*PROBLEM DESCRIPTION:* Of the lines listed below, return exactly those that run from the line containing "Load More Replies...This" through the line containing "The CHALA FAT", both included.

╭─ AVAILABLE RECORDS

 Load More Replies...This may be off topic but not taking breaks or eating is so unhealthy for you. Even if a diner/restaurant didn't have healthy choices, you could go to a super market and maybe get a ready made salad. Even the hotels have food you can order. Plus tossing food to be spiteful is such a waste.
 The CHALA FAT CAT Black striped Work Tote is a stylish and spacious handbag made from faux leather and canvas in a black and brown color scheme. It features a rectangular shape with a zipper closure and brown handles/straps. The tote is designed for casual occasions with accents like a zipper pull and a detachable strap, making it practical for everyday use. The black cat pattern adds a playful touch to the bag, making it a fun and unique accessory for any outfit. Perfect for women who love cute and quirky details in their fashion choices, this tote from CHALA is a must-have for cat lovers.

╰─
╭─ AVAILABLE RECORDS

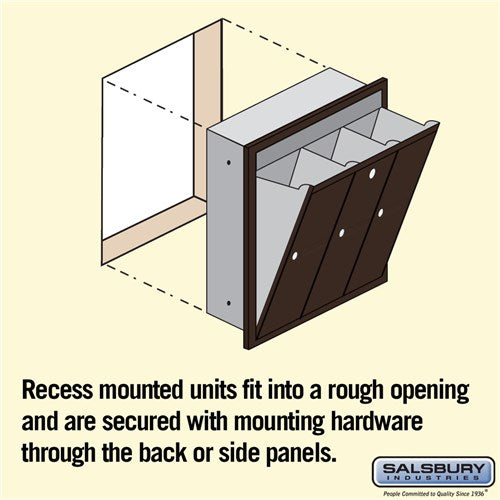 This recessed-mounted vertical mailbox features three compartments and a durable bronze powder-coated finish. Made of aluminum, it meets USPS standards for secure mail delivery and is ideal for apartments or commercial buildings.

╰─

*TASK OUTPUT:*
 Load More Replies...This may be off topic but not taking breaks or eating is so unhealthy for you. Even if a diner/restaurant didn't have healthy choices, you could go to a super market and maybe get a ready made salad. Even the hotels have food you can order. Plus tossing food to be spiteful is such a waste.
 The CHALA FAT CAT Black striped Work Tote is a stylish and spacious handbag made from faux leather and canvas in a black and brown color scheme. It features a rectangular shape with a zipper closure and brown handles/straps. The tote is designed for casual occasions with accents like a zipper pull and a detachable strap, making it practical for everyday use. The black cat pattern adds a playful touch to the bag, making it a fun and unique accessory for any outfit. Perfect for women who love cute and quirky details in their fashion choices, this tote from CHALA is a must-have for cat lovers.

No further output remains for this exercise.